In all these instances, and for years, the state agencies did not protect the public.

Duke Energy was forced to excavate coal ash from its Lee and Robinson leaking pits because citizen groups publicized the problem and made clear they would use their rights under the Pollution Control Act to enforce the law.

The pattern has repeated itself across the state.

In Conway, Santee Cooper stored hundreds of thousands of tons of coal ash in a swamp in unlined pits, right on the Waccamaw River. DHEC had told Santee Cooper in writing that it was violating the law, yet state agencies did nothing to force Santee Cooper to clean up its coal ash.

When citizens enforced the Pollution Control Act, Santee Cooper agreed to remove its ash and — to its credit — agreed to remove all coal ash from all its unlined waterfront pits.
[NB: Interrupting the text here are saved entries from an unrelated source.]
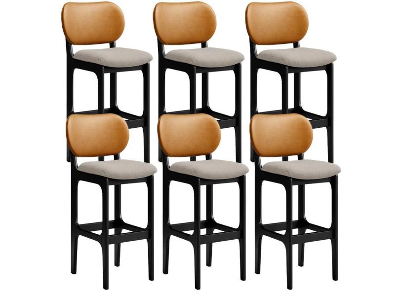 Kit 6 Banquetas Alta Betta Preto Whisky Linho Bege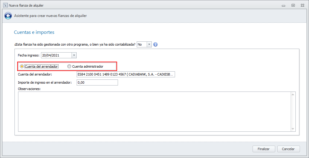 Si el arrendador se administra con cuenta bancaria de arrendador o si es un gestor patrimonial, la ventana incluye la posibilidad de indicar si la fianza se ha cobrado en una cuenta del arrendador o del administrador.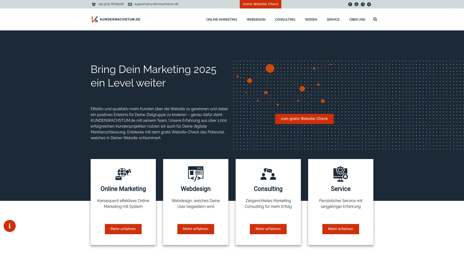 - Breites Leistungsspektrum im Online Marketing: Von Webentwicklung bis Marketing Automation deckt Kundenwachstum.de viele Disziplinen ab, sodass aus einer Hand geliefert werden kann.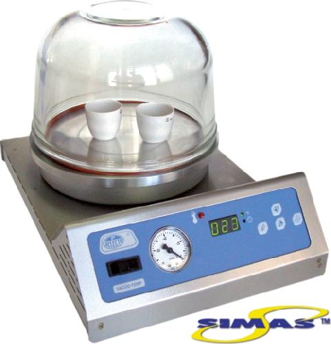 Электронный регулятор температуры, дисплей из 3 ячеек. Температурный датчик Pt 100. Плоская поверхность из полированного алюминиевого сплава с эффективным вакуумным уплотнением. Закрытый нагревательный элемент. Наружный корпус из нерж. стали AISI 304. Соединение для вакуумного насоса на задней стенке прибора.Колпак из закаленного стекла с силиконовой прокладкой. Клапан для сброса вакуума.

The same thing happened with SCE&G in Columbia. Only when citizens enforced the Pollution Control Act did SCE&G bind itself to remove its coal ash from arsenic-leaking pits just above Congaree National Park.

Here are the simple facts.

The big polluters, including the utilities, are the most powerful political force in Columbia. They spend a fortune on lobbyists, trade associations, political contributions, and lawyers to influence the legislature.

The legislature appropriates the money for the budgets and jobs of the regulators who are supposed to be enforcing the law against these same polluters.

The citizens of South Carolina cannot count on state bureaucracies always to stand up to the most powerful forces in state politics.

That is why the Pollution Control Act provides that citizens can enforce the law when the bureaucracies will not.

No citizen of South Carolina is asking the legislature to take away the rights of communities to protect themselves.

The Polluter Amnesty Act is purely a creation of the lobbyists for the big polluters. Make no mistake — the big polluters and their paid spokesmen are powerful special interests, and they want to take away your rights so that they do not have to clean up their toxic, illegal pollution.

Our state, our communities, and our clean water deserve better.


Frank Holleman of Greenville is a senior attorney with the Southern Environmental Law Center and has worked with South Carolina citizen groups enforcing the Pollution Control Act against toxic pollution.